For 2008, Georgia moved up its primary to February 5, Super Tuesday. On the Democratic side, it was no contest once black voters swung behind Obama. He beat Hillary Rodham Clinton 66%-31%, as turnout rose sharply to over 1 million, by far the highest ever. Turnout was almost as high, 964,000, in the Republican primary, far ahead of the 643,000 who voted in 2000 or the 654,000 in 1996. This was almost a three-way tie. Arkansas’s Mike Huckabee won with 34%, carrying rural counties and exurban metro Atlanta counties. McCain finished second with 32%, carrying the Savannah River valley and the southwest corner of the state, both areas with big military bases. Massachusetts’ Mitt Romney was third with 30%, carrying most of metro Atlanta, although McCain ran close behind in the inner counties.
Congressional Districting
| 111th Congress: 6 D, 7 R |
After the 1990 and 2000 censuses, Georgia Democrats pushed through convoluted redistricting plans—arguably the most convoluted in the nation each time—to guarantee majorities for their party in the state’s U.S. House delegation. Both times they failed. In the 1990s, state House Speaker Thomas Murphy tried to end the career of Republican U.S. Rep. Newt Gingrich and strengthen incumbent Democrats. Instead, what was a 9-1 Democratic delegation in October 1992 was 8-3 Republican in April 1995, and Gingrich was speaker of the House. In 2001, the Democrats tried again, and this time the boundaries were even more convoluted. They had only marginally more success—with some unintended consequences. Then-U.S. Rep. Chambliss, placed in the new 1st District with fellow Republican Jack Kingston, ran for the Senate and beat Cleland. The new 11th and 12th districts, created to elect Democrats, elected Republicans instead. The new 13th District did elect a Democrat, but the delegation remained Republican, 8-5. And Georgia’s plan prompted Rep. Tom Davis, R-Va., who headed the House GOP’s campaign, to push successfully for a similarly convoluted Republican gerrymander in Pennsylvania, one which netted the Republicans more gains than the Democrats achieved in Georgia.

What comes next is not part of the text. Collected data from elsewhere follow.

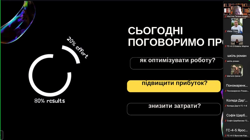 Матеріали доповіді були підкріплені презентацією, яка наочно продемонструвала механізм дії принципу Парето у практичній діяльності сфери HoReCa.
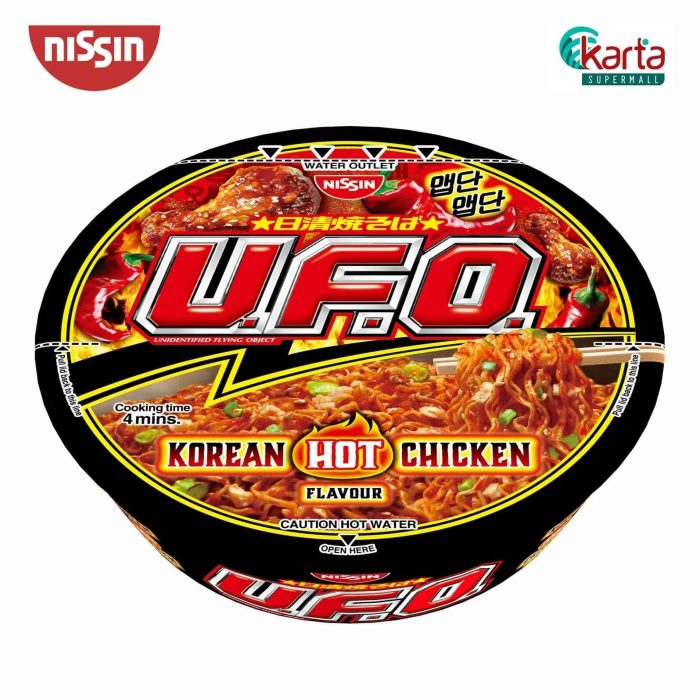 First developed in Japan back in 1970’s, now everyone in the world can enjoy the deliciousness of Nissin UFO Bowl Noodle Korean Hot Chicken. Nissin noodles are chewy and absorbs flavour really well, while their seasoning is made with high quality ingredients to produce a flavourful taste for your enjoyment.
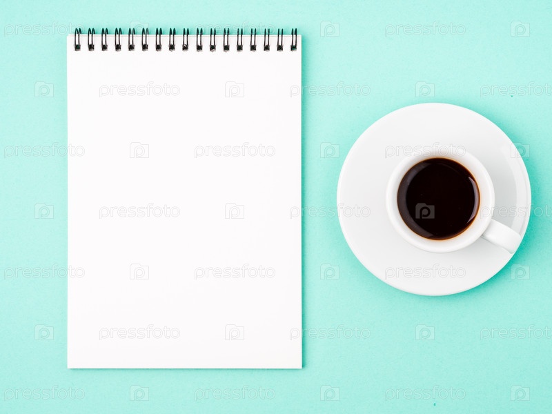 Блокнот открыт с белой пустой страницей для записи идеи или списка дел, чашка кофе на ярко-синем фоне
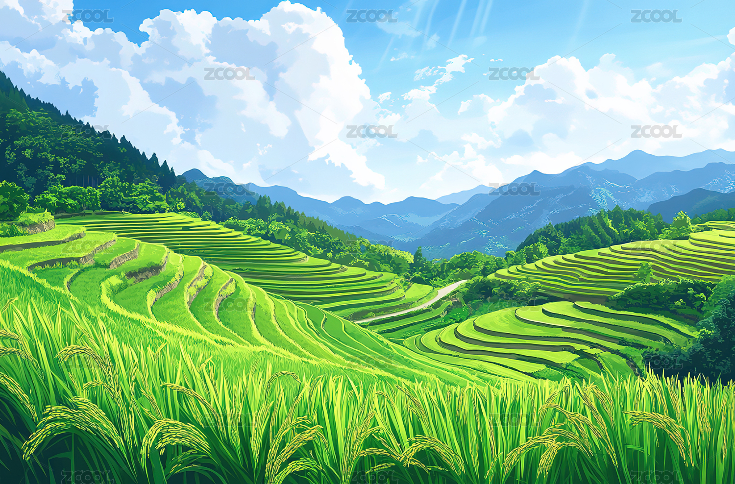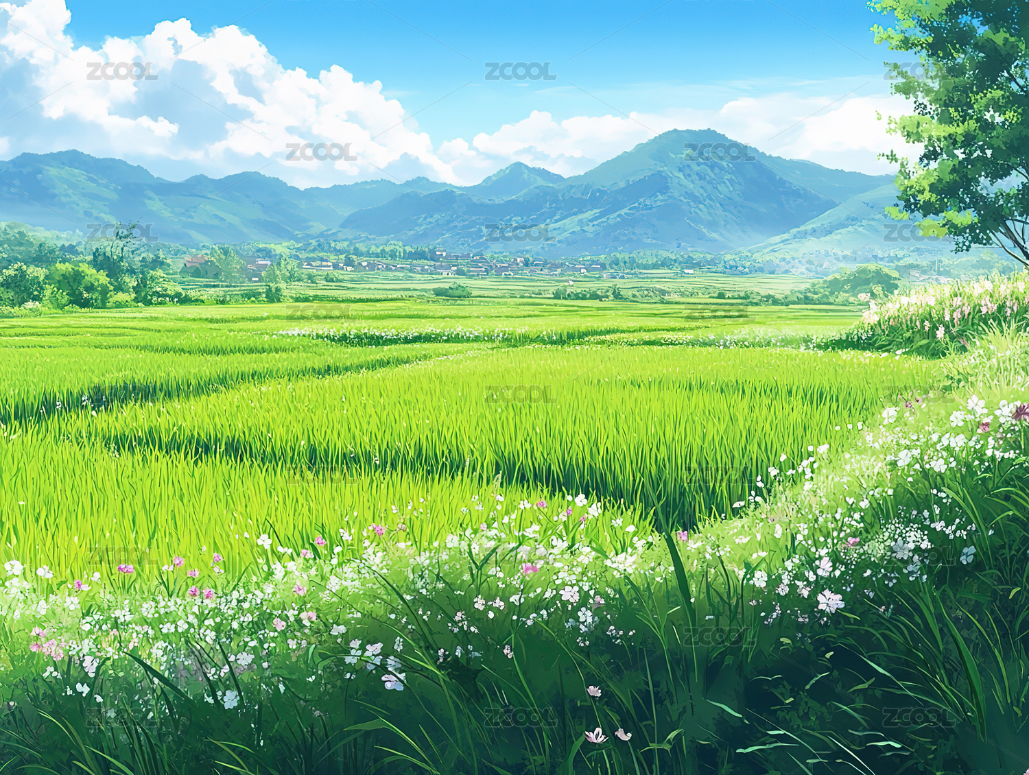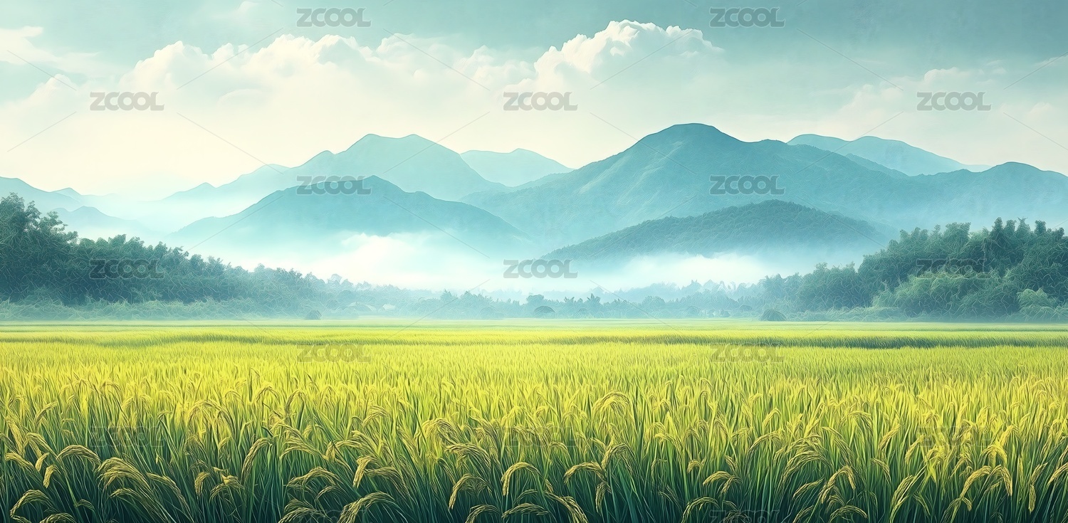 自然,稻穗,稻田,绿油油,田园,田野,宁静,乡村,景象,风光
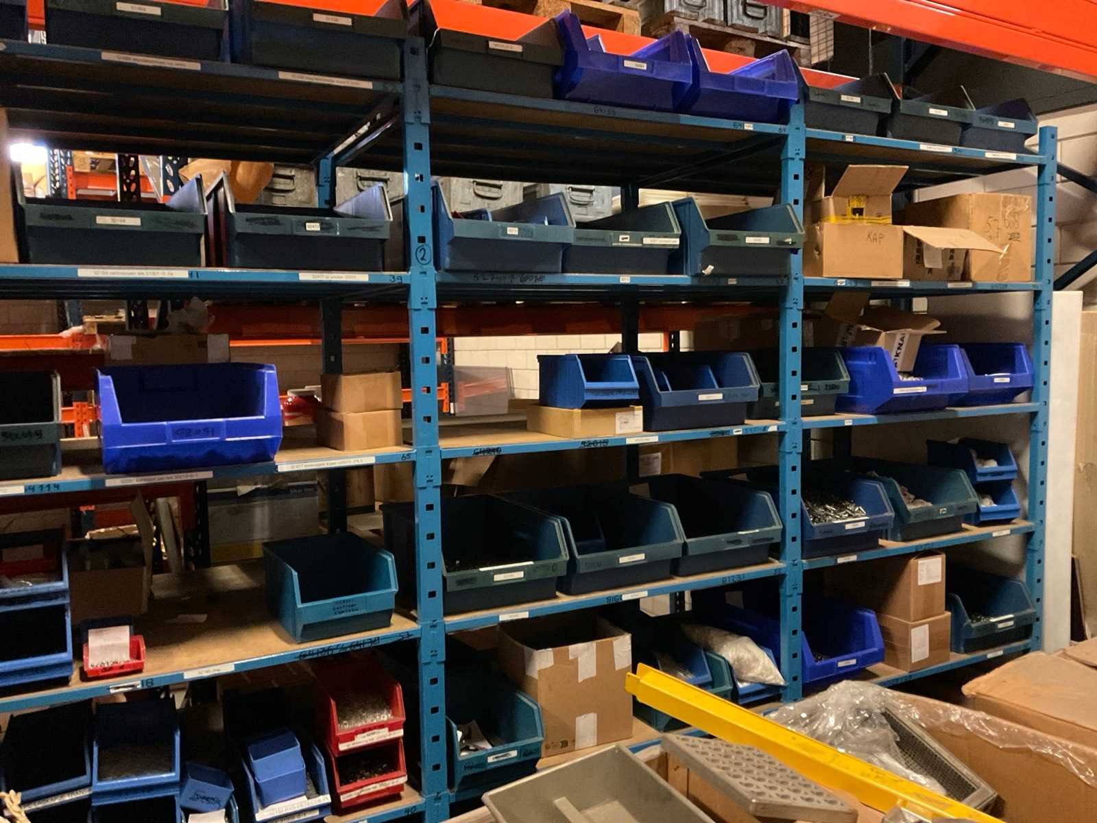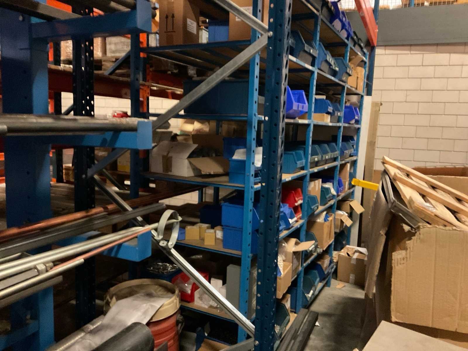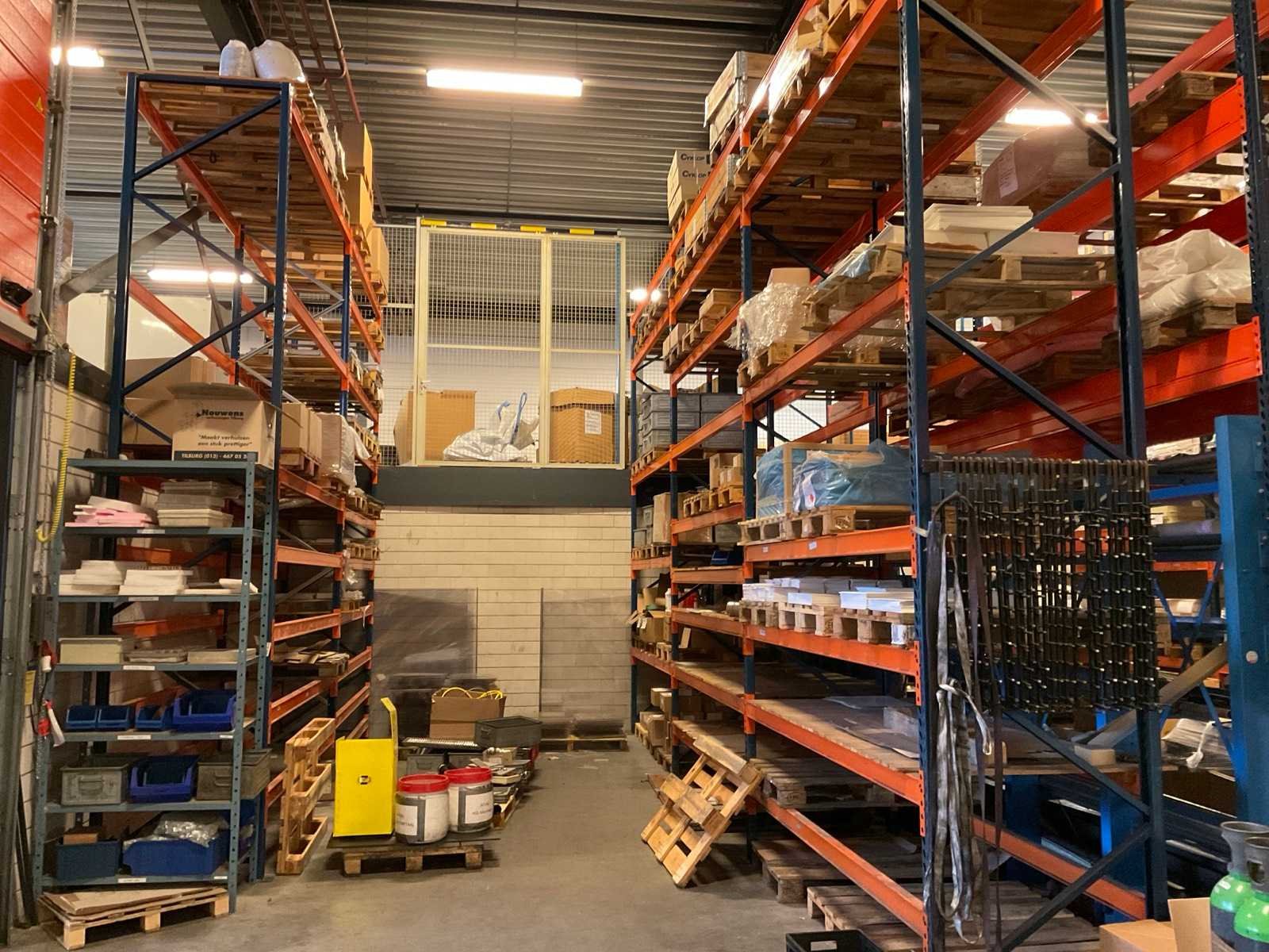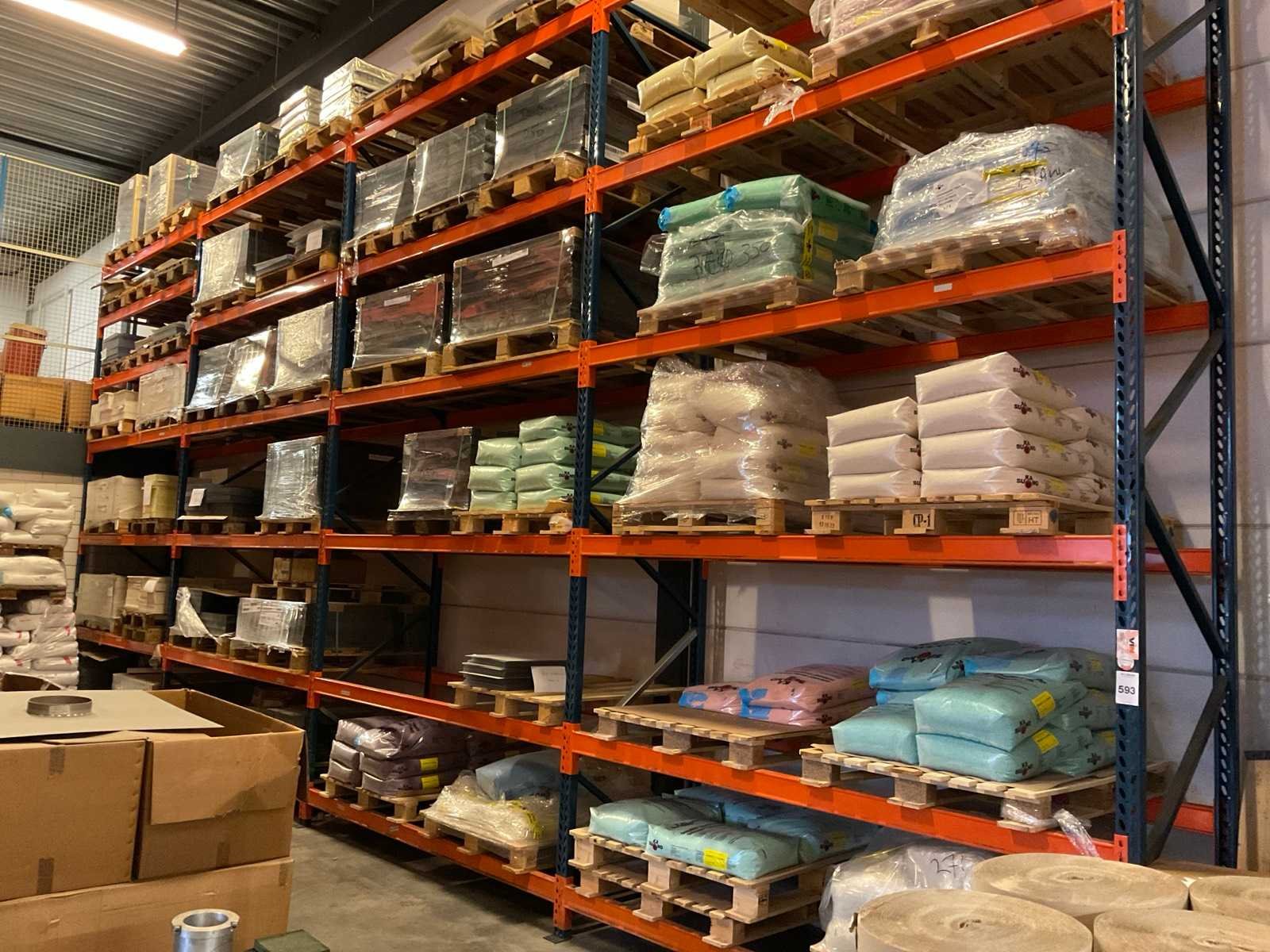 Kavel betreft de grote oranje/ blauw kleurige stelling, alsmede 3 kleinere blauwe stellingen onder en voor de grote stelling, waarvan één met draagarmen. Inhoud van alle stellingen en zichtbare pallets zijn niet inbegrepen. Nee Sectie afm. b: 2700mm Sectie diepte: 1010mm Aantal staanders: 15 Aantal liggers: 136 Demontabel: true Hoogte: 500cm

In March 2004, a court redrew the district lines for the state House and state Senate, which helped the Republicans increase their Senate margin and gain control of the state House in November. In February 2005, Republicans by then in control of the governorship and the state Legislature worked with Republicans in Washington to make redistricting of the U.S. House districts one of their top priorities. Moving more deliberately and facing far less Democratic resistance than Republicans encountered in Texas in 2003, they passed the plan in March with a few Republican defections and with limited Democratic support. It passed the federal review mandatory under the Voting Rights Act and survived a court challenge.
The 2005 Republican plan had much more regularly shaped districts than the 2001 Democratic map, and split many fewer counties (19 rather than 34). It strengthened Republican Phil Gingrey in the 11th District and weakened Democrats Jim Marshall and John Barrow of the 3rd and 12th districts. Republicans quietly worked with some of the African-American congressional Democrats to accommodate their personal concerns with the new districts. Two Atlanta-area districts are 56% and 53% African-American, while three others have black percentages of 48%, 45%, and 41%. In 2007, Republican Gov. Perdue called for the establishment of an independent commission to draw redistricting plans that can be voted up or down by the Legislature. Perdue seemed to be confident that relatively regularly shaped and neutrally drawn districts would leave the party with majorities in Georgia in the 21st century. But the Legislature perhaps did not share that confidence, and in 2008 it failed to adopt his plan.
Georgia is expected to gain one seat from the reapportionment following the 2010 census. Republicans will have control of redistricting if they retain the governorship and majorities in both houses in the 2010 election.